I have two different answers that need to be framed in different ways...
Do I think it should? Not really. I never saw MAF as a HoF goalie and he's only truly in the discussion as a compiler. Having a long, successful career definitely means something; especially at that position, but he's mostly hitting checkmarks that he's had an incredible advantage at (shootouts becoming a thing at the same time as he became a starter and being a goalie on nothing but playoff teams since 2006-07). Now I do think Vegas absolutely strengthens his argument in the sense that a couple mediocre years on a team with the expansion excuse certainly wouldn't have...but rather than being Osgood's sjourns to Long Island & St. Louis; Vegas has proven that Fleury can succeed on a different team playing a different style. Considering Vegas plays defense and the Pens rarely did, I don't think that surprises too many of us, but still.
Do I think it has? Let me put it this way...Marc-Andre Fleury is going to be in the Hockey Hall of Fame. It's a question of if he deserves it or not and of how long it'll take, but I think he's going to be enshrined in Toronto so long as he doesn't go crazy or fall off all of the cliffs in rapid succession. Fleury is so damn likable and comes with so many narratives for people to write about, that it's just going to wear people down eventually. Nobody fights for Tom Barrasso because nobody in the press likes Tom Barrasso...Fleury's giggly charm is the antithesis of that and you have to remember that the people who vote for this are human beings who absolutely will be biased in favor of those they like over those they don't (see: Roger Clemens & Barry Bonds not being in the Baseball Hall of Fame despite having HoF credentials before steroids ever came near them). Also let's be clear...the standard to clear for a goalie to make the Hall of Fame is not that huge. If Rogie Vachon and Grant Fuhr got in as compilers, then the guy who will likely retire 2nd or 3rd all-time in wins will get in. The only thing his career really doesn't have is a Vezina...but I think his wins will be so far ahead of his comparables that it's just not going to matter in the end.

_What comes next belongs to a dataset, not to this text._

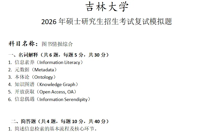 吉林大学图书情报综合考研复试真题模拟含答案
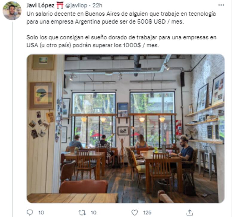 En este sentido, referenció "un salario decente en Buenos Aires" en "alguien que trabaje en tecnología para una empresa" cuya suma "puede ser de 500$ USD / mes".

Honestly it's Vachon's induction that made me go from seeing this as a laughable concept to an inevitability. Vachon's HoF credentials basically boiled down to an absurd Vezina split on a stupidly loaded late 60s Habs team while splitting time with a Hall of Famer and then having a respectable career starting for nearly a decade and a half with a couple standout years (and one legitimately great one)...but all of his hardware came while splitting time with Gump Worsley. Tom Barrasso has a better career profile than Vachon did with more awards, award finalists, wins, etc. Hell, Vachon means opened the doors for guys like Barrasso & Mike Vernon to have legitimate arguments now...and it's hard to argue that Fleury is below either of those guys at this point in time. Fleury could find himself in the top 5 in all-time wins by the All-Star break. At that point it's more than simple compiling, it's lapping his comparables.

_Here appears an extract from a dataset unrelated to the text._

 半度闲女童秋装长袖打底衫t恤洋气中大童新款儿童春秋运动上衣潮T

Here's a fun game. Let's play guess the goalie:
Goalie A: 551-315-131, 2.54, .910sv%
Goalie B: 439-250-77, 2.56, .913sv%
Goalie C: 489-392-124, 2.52, .919sv%
Goalie D: 449-298-93, 2.41, .918sv%
Goalie E: 401-216-95, 2.49, .905sv%
Goalie F: 533-304-93, 2.56, .913sv%
You'd be crazy to take any of them other than Goalie A in reality, which is why goalie statistics are so hard to evaluate in a vacuum. That's Patrick Roy, Marc-Andre Fleury, Roberto Luongo, Henrik Lundqvist, Chris Osgood, & Fleury again with 3 career average seasons added on. Luongo & Lundqvist are Hall of Famers without Cups and Fleury is far more similar to them stat-wise than the old Osgood comparable.
This took way too long to say nothing matters and the 1-2 punch of accumulating enough stats and being immensely likable means he's going to be a Hall of Famer regardless if he ever had a single Hall of Fame caliber season for us.